Unfortunately, this will not work since (x : a) ** f x is incompatible with (x ** y). We need special handling of the overloading of (**) as both a typebind and a regular operator. I believe this can be achieved in the same way that - is both a prefix and an infix operator. In the prototype, I did not touch any of the special code for (**)

Why not rewrite -> as a binding operator?

-> behaves quite differently from other binding operators, in particular when it comes to quantities: it is not the case that
(1 x : a) -> b x desugars to a -> (\1 x => b x), rather it indicates that the inhabitant of that type uses its argument linearly, which is not what binding operators allow.

This is nice but it's not going far enough

It would be great if we could completely remove the special cases for ** and unify -@ and =@. Technically speaking, this could completely supplant do-notation and let-syntax. However, this proposal errs on the side of caution by making conservative choices with regard to overloading and syntax disambiguation. Eager syntax changes have led to difficult-to-solve inconsistencies which are still at play today (see issues about namespaces and dot-projections). Despite those restrictions, I think this proposal still provides a substantial improvement in expressive power, while avoiding pitfalls previously encountered. Namely, slow disambiguation processes, ambiguous syntax, and confusing hard-to-read code. If those restrictions prove superfluous, lifting them will be a backward-compatible change and can be done without fear.

Why do we need this? Nobody's going to use it?

This feature will see the most use as users employ functions such as (**) and =@, as well as new operators for quantitative pairs. I expect the use of this feature in fixity-delcarations to be, niche for most users, since we do not expect many users to write DSLs. But for language designers and library writers, the ability to customise binders is extremely useful, and I expect to see this feature used by this corner of the community. Additionally, one could be tempted to think that adding this feature will add complexity and cruft to the existing parser, but this feature already exists in the form of (**). What this proposal does is render this implementation more principled, and customisable. Avoiding the pitfall of adding complex special-case code that was introduced in idris1 with syntax-blocks.

Why can't we overload -@ for both dependent and non-dependent arrow?
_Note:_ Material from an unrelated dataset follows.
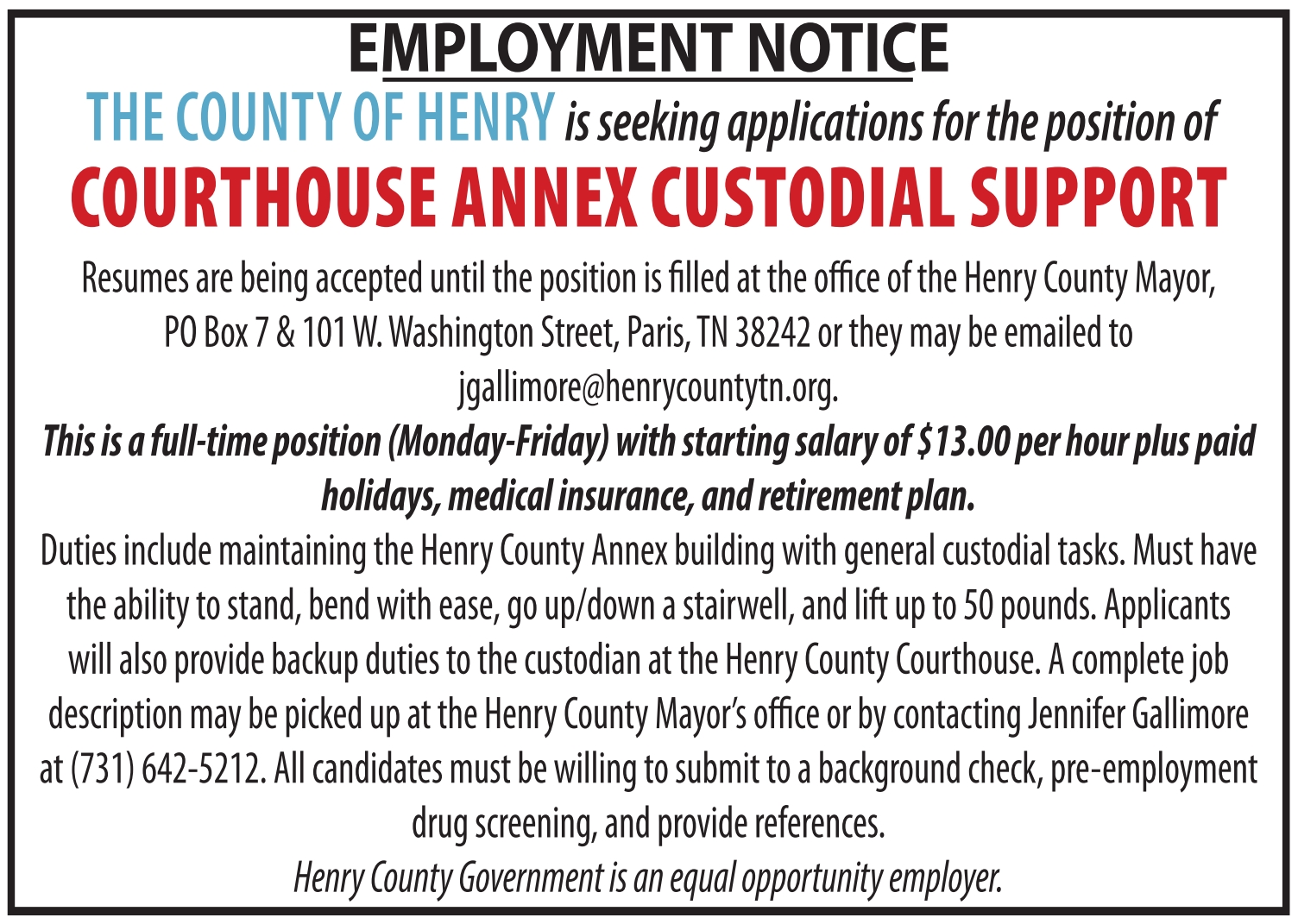 EMPLOYMENT NOTICE THE COUNTY OF HENRY is seeking applications for the position of COURTHOUSE ANNEX CUSTODIAL SUPPORT Resumes are being accepted until the position is filled at the office of the Henry County Mayor, PO Box 7 & 101 W. Washington Street, Paris, TN 38242 or they may be emailed to [email protected]. This is a full-time position (Monday-Friday) with starting salary of $13.00 per hour plus paid holidays, medical insurance, and retirement plan. Duties include maintaining the Henry County Annex building with general custodial tasks. Must have the ability to stand, bend with ease, go up/down a stairwell, and lift up to 50 pounds. Applicants will also provide backup duties to the custodian at the Henry County Courthouse. A complete job description may be picked up at the Henry County Mayor’s office or by contacting Jennifer Gallimore at (731) 642-5212. All candidates must be willing to submit to a background check, pre-employment drug screening, and provide references. Henry County Government is an equal opportunity employer.

We could but the error message would get worse. The current prototype implementation detects when a binding operator is used in non-binding position and report an error explaining how to fix the program. Allowing the overload would mean that we desugar Nat -@ Nat as (-@) Nat (\_ : Nat => Nat) in addition to the previously described desugaring. However, this is problematic for the following reasons:

  • When using a typebind operator as regular x -@ z and it does not typecheck, we do not know if it's because the user meant (x : _) -@ z or (_ : x) -@ z and so we cannot report the correct fix to the user. In the current version, we tell the user to write (_ : x) -@ z.
  • If we write let x = Nat in x -@ y x, we don't know if we mean to shadow x or to reference x. In the current implementation, -@ would have to be regular and x is a reference. If -@ was typebind, we report the error apropriately.
  • When using the type constructor for sigma (**) we woudl be tempted to write x ** Fin x but with the above rule, this would be desugared to (**) x (\_ : x => Fin x), but what the user meant is (**) ? (\x => FIn x).
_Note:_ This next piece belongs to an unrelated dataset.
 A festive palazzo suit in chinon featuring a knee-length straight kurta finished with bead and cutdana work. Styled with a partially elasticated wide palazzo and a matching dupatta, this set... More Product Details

All of those are solvable problems, but I do not wish to attempt to solve them in this proposal.

Why do we need so much special syntax for binders?
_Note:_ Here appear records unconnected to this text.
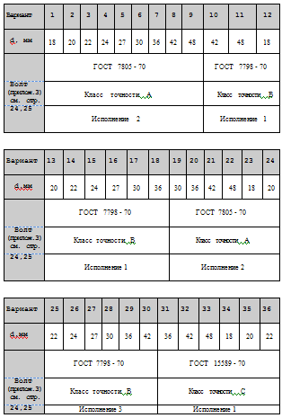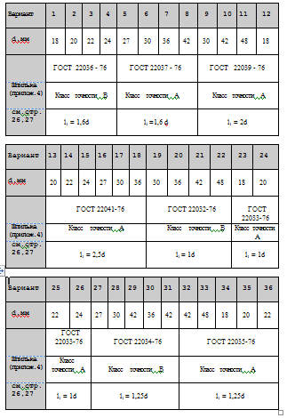 Длину болта и шпильки студент выбирает самостоятельно, используя соответствующий стандарт, или принимает рекомендуемую (см. табл.).
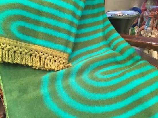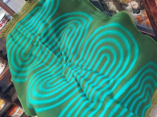 グリーンの毛布にブルーの曲線ラインがミッドセンチュリーな雰囲気です。
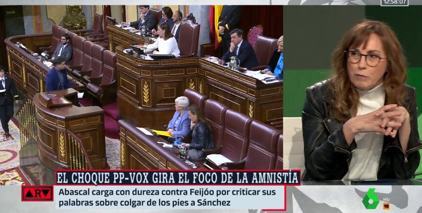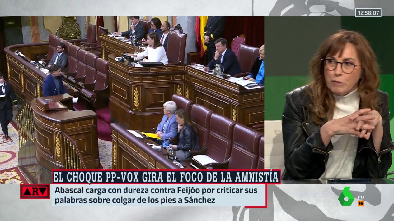 La periodista señala en Al Rojo Vivo que "PP y Vox no van a romper". Porque "de ninguna manera va a permitir Feijóo quedarse sin (el gobierno) de las 5 comunidades y los 130 ayuntamientos en los que gobiernan juntos".
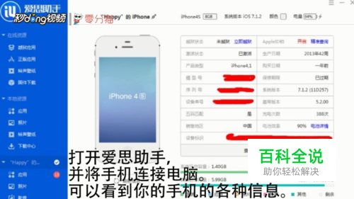 下载安装好爱思助手,打开软件,并将手机连接电脑,可以看到手机的各种信息。
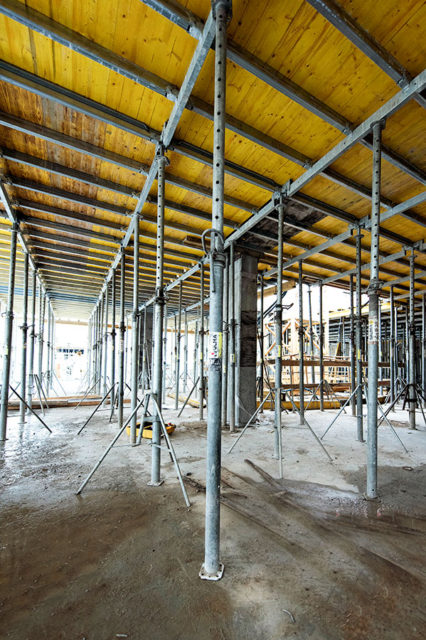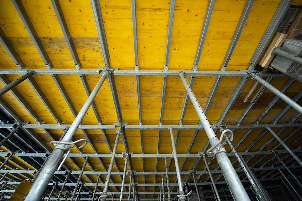 Szybsza wykonywanie prac szalunkowych nie zawsze musi stać w konflikcie z odpowiednim poziomem bezpieczeństwa. System doceniany jest za możliwość montażu całej konstrukcji nośnej z poziomu stropu, na którym jest ustawiany. W czasie montażu elementy są wstępnie zawieszane na belkach głównych deskowania, a następnie podnoszone i układane w docelowym miejscu za pomocą specjalnych wideł. Podczas rozszalunku, w momencie opuszczania głowic, wszystkie elementy deskowania oraz płyty drewniane poszycia zabezpieczone są przed upadkiem z wysokości. Cała konstrukcja pozostaje stabilna i stanowi zabezpieczenie dla poszycia, które zdejmowane jest w następnym kroku. Nadmienię, że na budowach zauważono mniejsze zużycie poszycia i mniejszą ilość zniszczonych płyt drewnianych.

Technical details should answer this from a technical perspective, from a more philosophical one, the goal of this feature is to rely on existing user-intuition about binders and types to provide more expressive power, without creating confusion or unexpected behavior. In essence, the goal is to make easy things easy, and hard things possible. Most users and library designers will get along just fine with typebind but for more sophisticated uses autobind allows greater expressivity, while keeping a familiar look and feel. autobind itself has two modes (x := e) ** v and (x : ty := e) ** v to properly encapsulate everything a user might want to do with a binder. Because autobind behave exactly like a let-binder, I have repurposed the syntax to piggyback on existing knowledge from users.

Funny things you probably shouldn't do

Custom let bindings

autobind infixr 7 `MyLet`

MyLet : (val) -> (val -> rest) -> rest
MyLet arg fn = fn arg

program : Nat
program = (n := 3) `MyLet` 2 + n

Forego all do-notation

autobind infixr 2 >>=
(>>=) : m a -> (a -> m b) -> m b

program : Maybe (String, String)
program = 
  (p1 := parseName) >>=
  (_ := skipSpace) >>=
  (p2 := parseName) >>=
  Just (p1, p2)

Potential extension

In Alternative considered we mention the use of an %typebind and %autobind directive for functions definition. While this does not seem to fit in the design space of operators, it can be used to declare function definitions as binding operators, allowing it to cover even more use-cases of syntax blocks.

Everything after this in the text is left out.